Dan saat ini, di pikiran mereka berdua adalah, 'gadis polos itu menyukai Vino', kesimpulan yang terlalu dini. Tapi, jika menilik kembali sikap Mawar yang berbeda saat berhadapan dengan mereka berdua bisa di pastikan jika asumsi Devin dan Marcel benar.

Mereka bertiga kemudian duduk bersama di sofa panjang yang ada di dalam ruang kerja Marcel.

Merasa kehadirannya tidak di butuhkan, Mawar, gadis tersebut mengundurkan diri.

"Permisi." Mawar membungkukkan badannya dan akan berbalik. Tapi sebuah suara yang terdengar sangat dingin mencegah niat Mawar untuk undur diri.

"Duduk!" perintah Marcel tak ingin di bantah.

Mawar mematung, kenapa dia harus bergabung. Apa benar dia akan di pecat karena kesalahannya tadi?

Semua pikiran berkecamuk di benak Mawar.

"Apa anda akan memecatku?" Tanya Mawar setelah duduk di kursi single di depan sofa panjang yang di duduki ketiga lelaki tampan yang tak lain adalah seorang mafia.

Kini, posisi Mawar tak lebih dari seekor mangsa yang di incar oleh sang predator. Tinggal menunggu timing yang pas untuk di eksekusi.
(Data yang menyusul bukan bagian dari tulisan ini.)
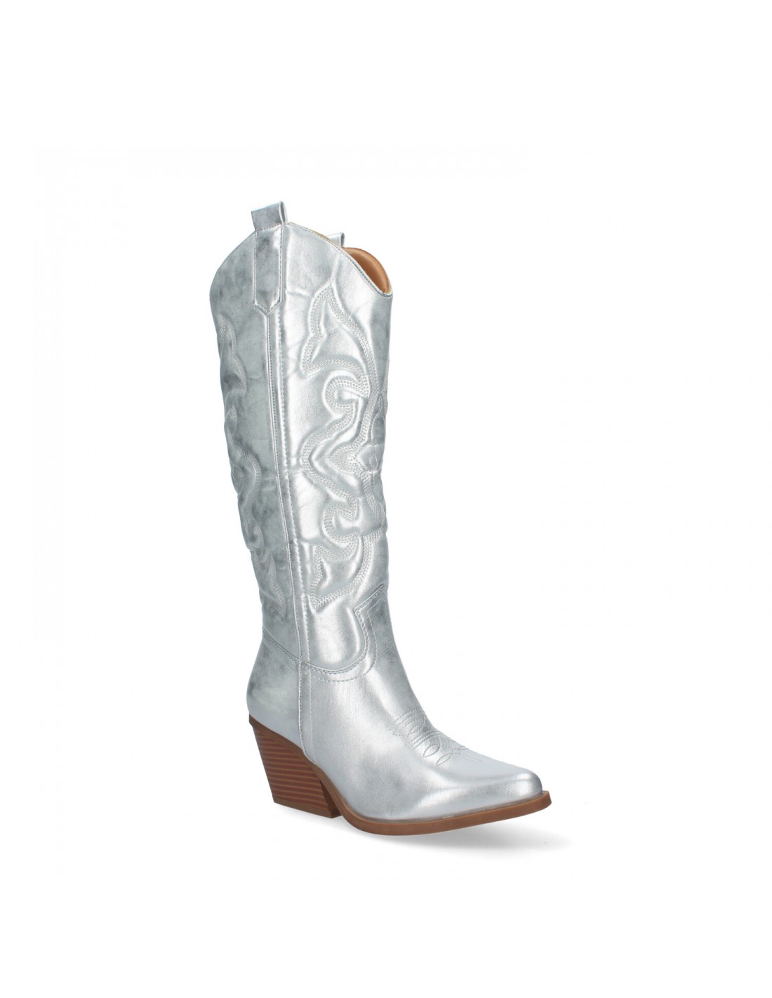 Bota para mujer con tacon cubano con grabado en caña y en la pala estilo cowboy
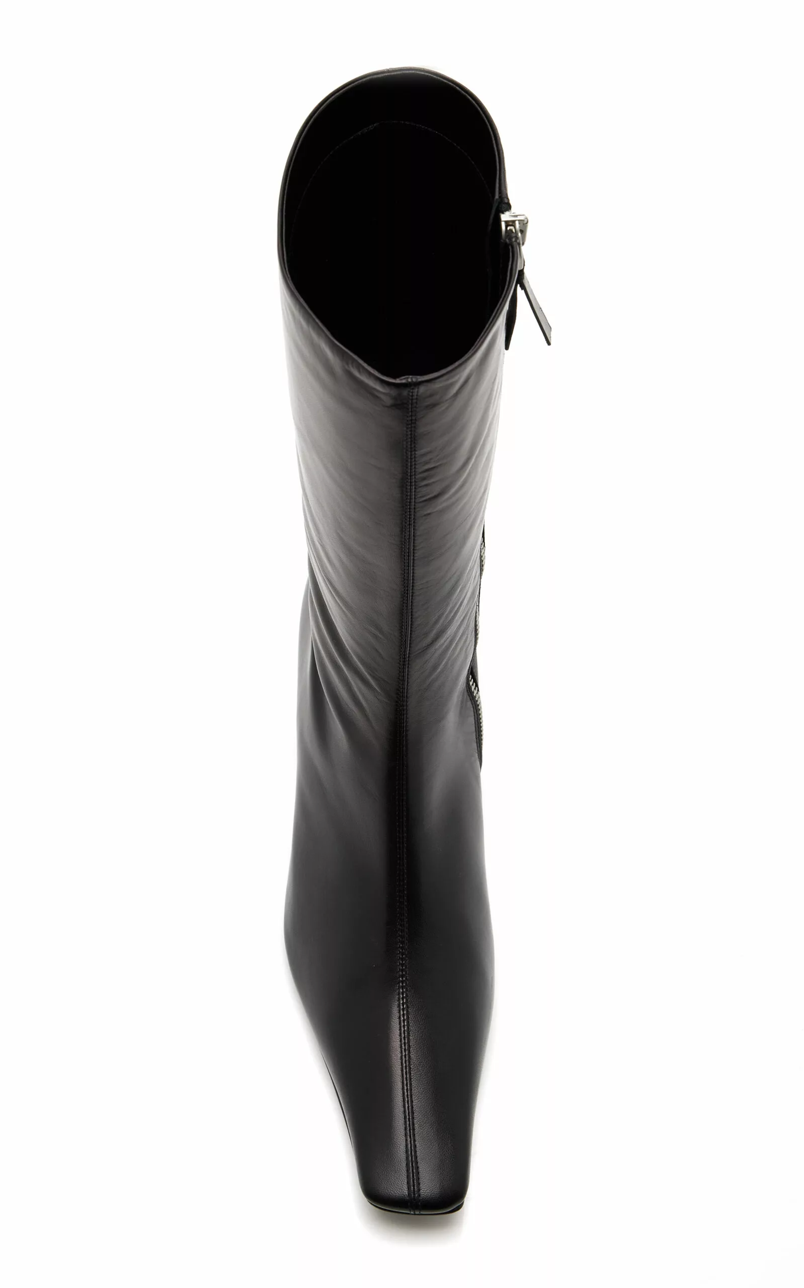 These ankle boots have a foot-hugging design made from smooth goatskin with elongated square toes that lengthen your frame. The midi heel makes them comfortable enough for all day wear.
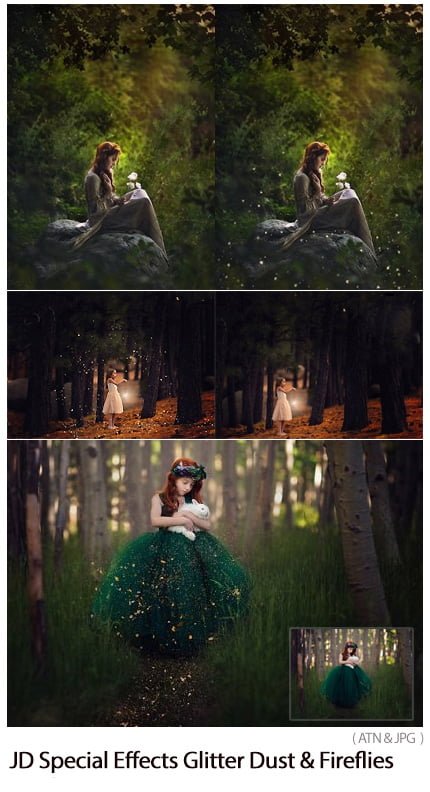 JD Special Effects Glitter Dust And Fireflies Photoshop action and cover images with dust effects, glowing particles and fireflies | 108 MB | ATN & JPG format

"Kenapa? Kau ingin aku pecat?" Tanya Marcel balik.

"Tidakkk." Mawar menjawab dengan cepat.

"Baiklah, jika kau tidak mau di pecat, turuti semua perintahku. Kau mengerti?"
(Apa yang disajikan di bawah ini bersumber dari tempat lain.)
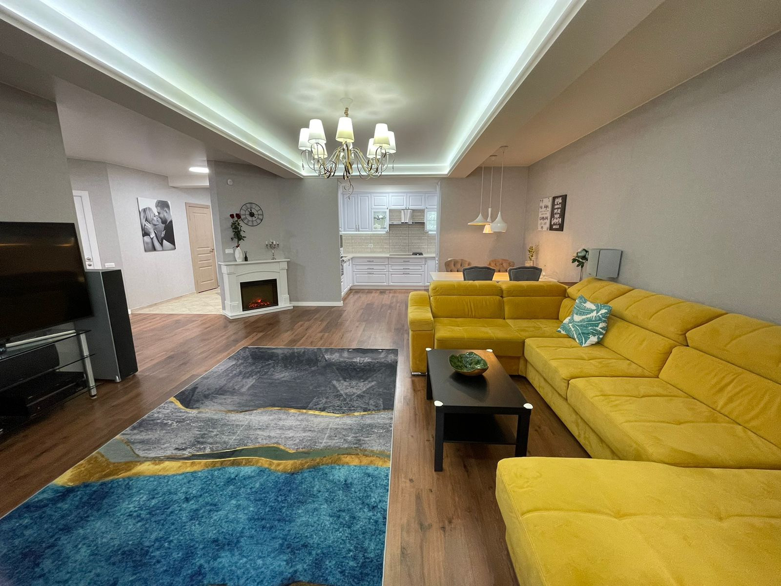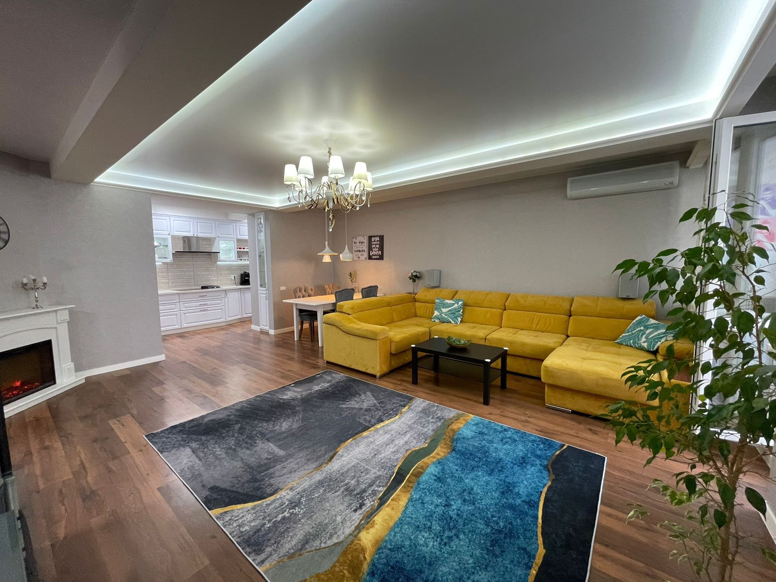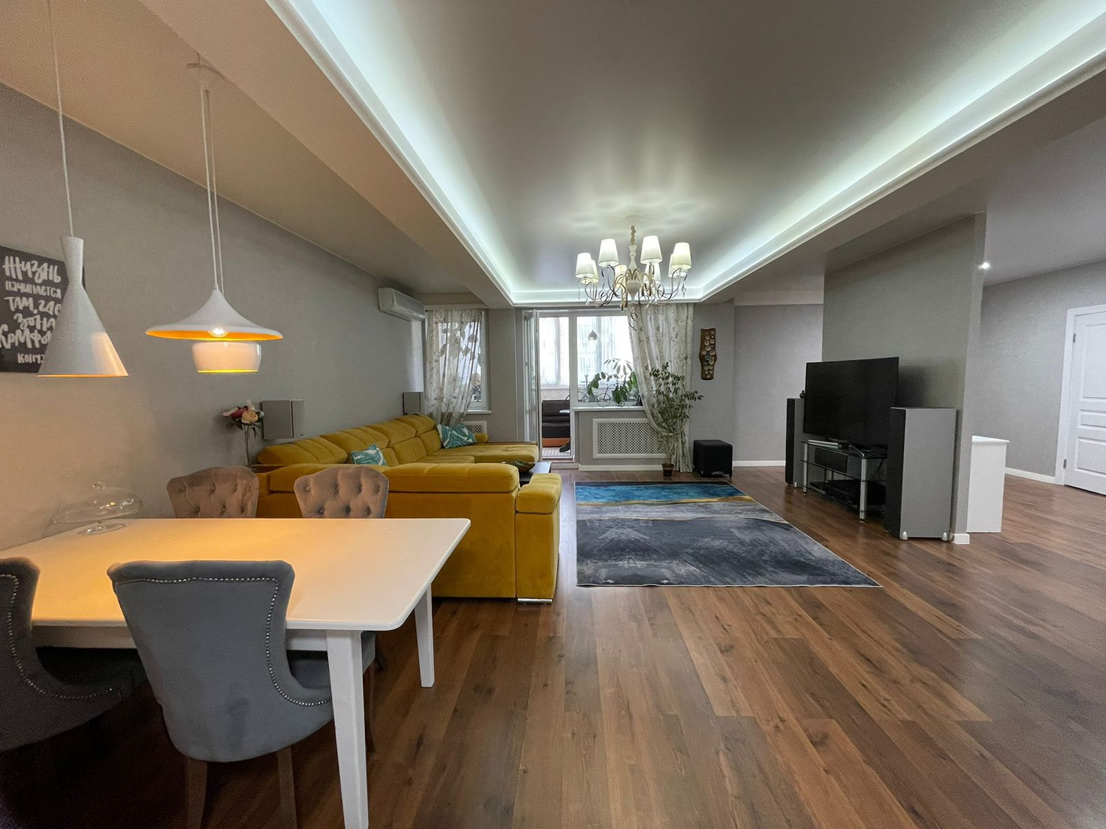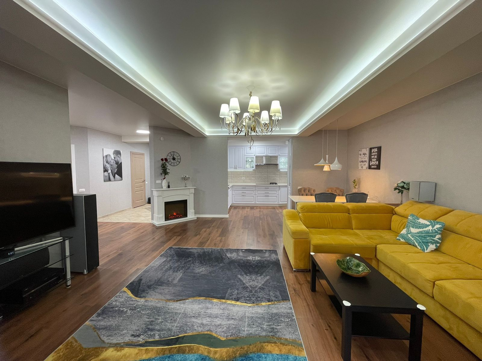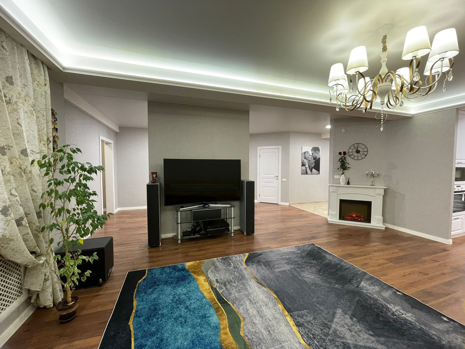 В квартире сделан дизайнерский ремонт, натяжные потолки, ламинат, электрокамин, кондиционер.

"Baik," jawab Mawar dengan lantang. Ternyata direkturnya sangat baik meski terlihat sangat dingin. Buktinya, sang direktur memberinya kesempatan. Dan Mawar, tidak akan menyia-nyiakan kesempatan yang di berikan. Lagipula, kesempatan seperti ini tidak datang dua kali bukan.

"Yang harus kau lakukan...."

"Bekerjalah di Wijaya Grup."

"Hah?" Mawar tak mengerti, kenapa dia harus bekerja di Wijaya Grup jika nyatanya dia adalah pegawai Pratama Enterpries.